F5.3.3 Distributed Query Optimizer - Performance Tuning Guide

F5.3.3 Distributed Query Optimizer - Performance Tuning Guide

Feature: ML-based distributed query optimization across multiple nodes Version: 1.0 Last Updated: November 2, 2025 Status: Production Ready

Executive Summary

This guide provides comprehensive tuning recommendations for the HeliosDB Distributed Query Optimizer.

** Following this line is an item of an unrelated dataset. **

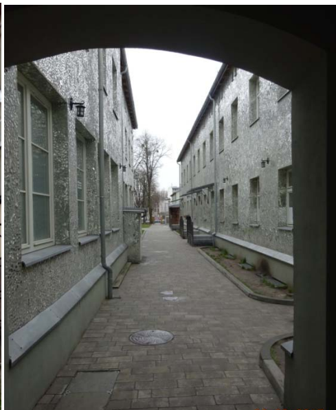
Figure 10. Piotrkowska St.3, Lodz
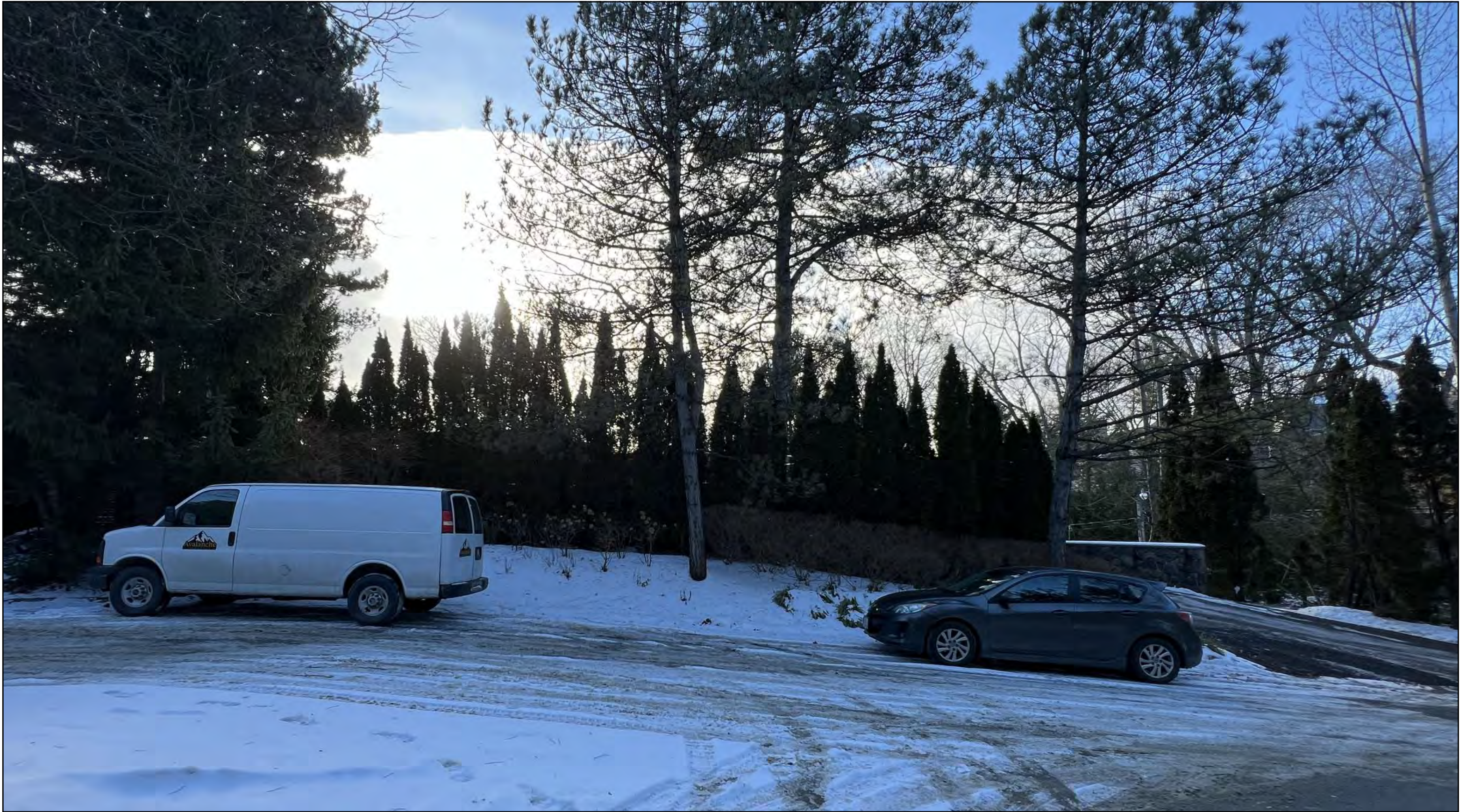
Original Architect: unknown Constructed: c. 1969 Designation: Unrated

After recent optimizations, the system achieves:

  • Baseline Performance: <1ms for simple queries, <10ms for complex queries
  • Throughput: >1,000 optimizations/second (single-threaded), >2,000/sec (concurrent)
  • Improvement: 15-30% cost reduction on typical distributed queries
  • Scalability: Sub-linear scaling up to 64 nodes

Table of Contents

  1. Architecture Overview
  2. Configuration Parameters
  3. Performance Benchmarks
  4. Workload-Specific Tuning
  5. Monitoring and Metrics
  6. Troubleshooting Slow Queries
  7. Production Deployment

Architecture Overview

Core Components

The distributed query optimizer consists of four main components:

┌─────────────────────────────────────────────────────────────┐
│ Query Optimizer │
│ ┌────────────────┐ ┌──────────────┐ ┌────────────────┐ │
│ │ Partition │ │ Predicate │ │ Join │ │
│ │ Pruning │ │ Pushdown │ │ Reordering │ │
│ └────────────────┘ └──────────────┘ └────────────────┘ │
└─────────────────────────────────────────────────────────────┘
┌─────────────────────────────────────────────────────────────┐
│ Cost Model │
│ - Network Cost - CPU Cost - I/O Cost - Memory Cost │
└─────────────────────────────────────────────────────────────┘
┌─────────────────────────────────────────────────────────────┐
│ Adaptive Learning │
│ - Join Strategy Learning - Cost Model Tuning │
│ - Historical Query Analysis │
└─────────────────────────────────────────────────────────────┘

Optimization Pipeline

  1. Partition Pruning: Eliminates partitions that cannot contain matching data
  2. Predicate Pushdown: Moves filters closer to data sources
  3. Join Reordering: Finds optimal join order using cost-based optimization
  4. Strategy Selection: Chooses best execution strategy (Broadcast, Shuffle, etc.)
  5. Adaptive Learning: Improves future decisions based on execution history

Configuration Parameters

OptimizerConfig

Controls the behavior of the query optimizer.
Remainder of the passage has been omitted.